There are many types of endogenous bioactive RES. Most of these form aliphatic or aromatic adducts to nucleophilic residues that are kinetically stable. There are some RES-based acylating agents that kinetically react with cysteine, but can be transferred to other residues like lysine in a context-specific manner.¹⁵ Common examples of endogenous RES that form kinetically-stable adducts include: enals [e.g., 4-hydroxynonenal (HNE)]; enones (e.g., 15-deoxy-Δ^12,14-prostaglandin-J₂); α-chloro aldehydes (e.g., 2-chlorohexadecanal);²⁴ and quinones (e.g., vitamin K). There are also dietary plant-based RES of which the most common are isothiocyanates.²⁵ Isothiocyanates form thiocarbamylated enzyme adducts that initially form cysteine adducts that may transfer to lysine, depending on conditions/protein.¹⁵ There are also well-known synthetic RES including electrophilic drugs, such as dimethyl fumarate (Tecfidera^®) approved for the treatment of multiple sclerosis, and bardoxolone methyl in Phase 2/3 trials for various conditions. These compounds likely form irreversible enzyme adducts as they are chemically similar to HNE. Both enzymatic and non-enzymatic lipid peroxidation pathways for the production of RES such as HNE from polyunsaturated fatty acids are known.²⁶ RES are metabolized through enzymatic redox chemistry²⁷ and by carnitine/carnosine and glutathione conjugation—the latter catalyzed by glutathione-S-transferase (GST) in cells.^{28, 29} Glutathione conjugation to RES does not modify GST, although cellular redox balance is affected due to glutathione depletion. The redox:glutathione adduction pathways partition roughly equally (40 % : 30 %) 2 minutes post exposure.³⁰ Interestingly, the percentage of HNE-protein adducts formed following acute HNE exposure varies significantly depending on cell type [1% (intestinal enterocytes), 3% (hepatocytes), 8.5% (Ehrlich ascites tumor cells) of total HNE] and subcellular locale (30% HNE adducts are mitochondrial).³¹

General roles of RES and ROS in information transfer

Peroxide interacts with enzymes initially by forming chemically/enzymatically reversible cysteine sulfenic acids (cysteine-SOH). Subsequent oxidations are slower, producing sulfinic acid (cysteine-SO₂H, mostly irreversible, although reduced by certain enzymes³²) and sulfonic acid (cysteine-SO₃H, irreversible).³³ These modifications are redox signals.^34–36 Sulfenic acid formation exerts a reverse effect on cysteine: sulfenic acids can react with nucleophiles, and are often trapped out by another thiol (signal exchange, Key words). The resulting disulfide bond can form a crosslink between two spatially distinct residues on a protein, inducing a conformational change.

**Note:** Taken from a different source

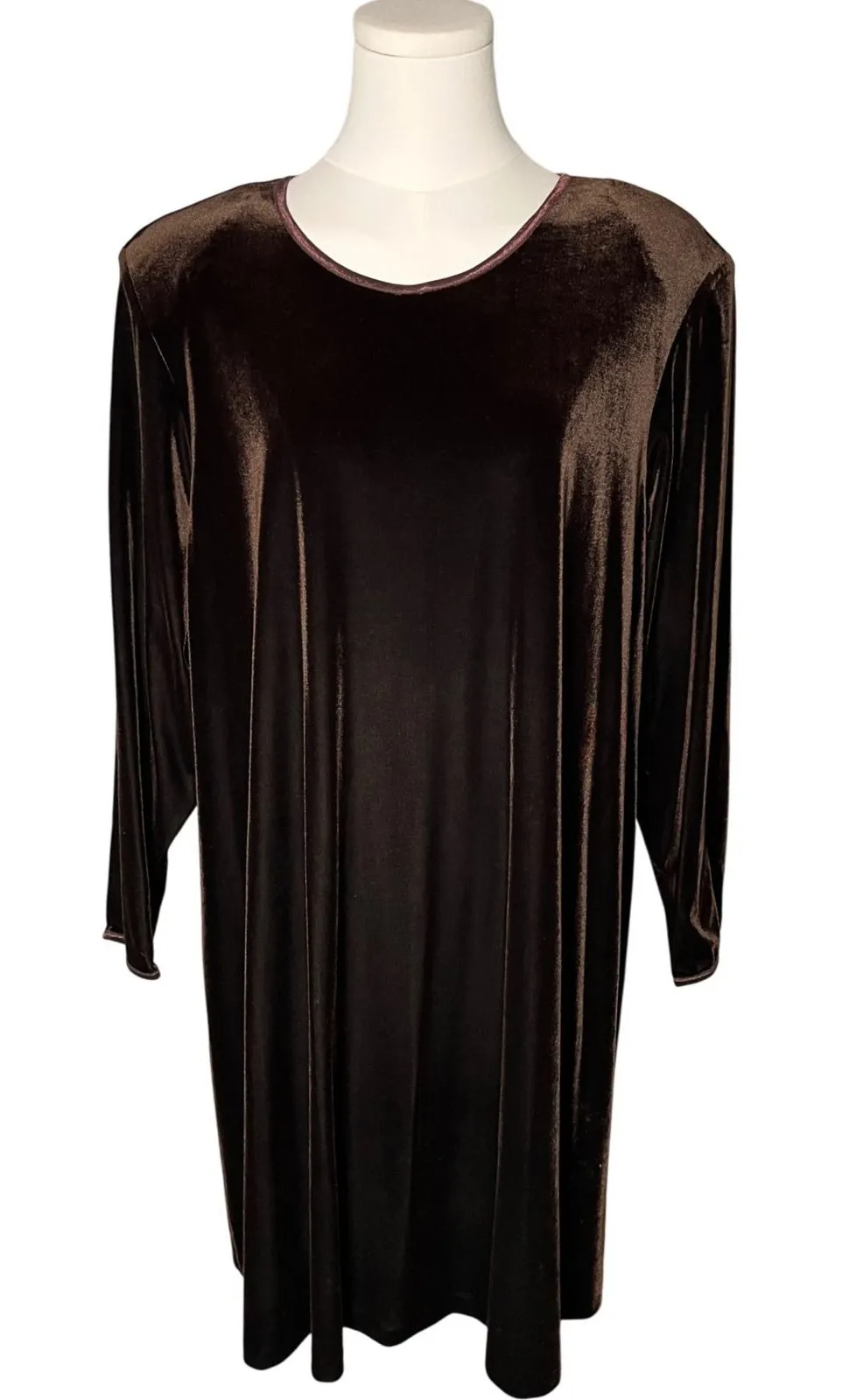Step into timeless elegance with this vintage 1990s Mica velvet dress, new with original tags (MSRP $168) and proudly made in the USA. Color: Rich chocolate brown Fabric: Soft stretch velvet (80% polyester, 15% spandex) Style: A-line silhouette with subtle swing flare, long sleeves, classic round neckline Size: Women's 1X (see flat measurements below) Condition: Vintage NWT — excellent, with original boutique tags attached A flattering plus-size vintage velvet dress, perfect for cocktail parties, holiday gatherings, or an elevated minimalist luxe wardrobe. Measurements (approx): Pit to pit: 23" Length: 37" Style-Core Stacking Vintage 90s glam Holiday luxe A-line party dress Quiet luxury Retro cocktail wear Minimalist luxe Made in USA vintage

These disulfides can also “change hands” (Key words) and oxidize other specific protein thiols to propagate a redox signal through “disulfide relays”. Erv1/ALR and Mia40 engage in such a pathway that ultimately stimulates mitochondrial translocation of p53.³⁷ It has recently been reported that a kinetically controlled ROS-mediated enzyme oxidation event at a signaling node (Key words) can usher an enzyme-orchestrated redox-signaling cascade through disulfide exchange.³⁸ This shows how a “non-targeted,” initiating redox signal can be efficiently exchanged into an alternative signal that can be propagated with specificity.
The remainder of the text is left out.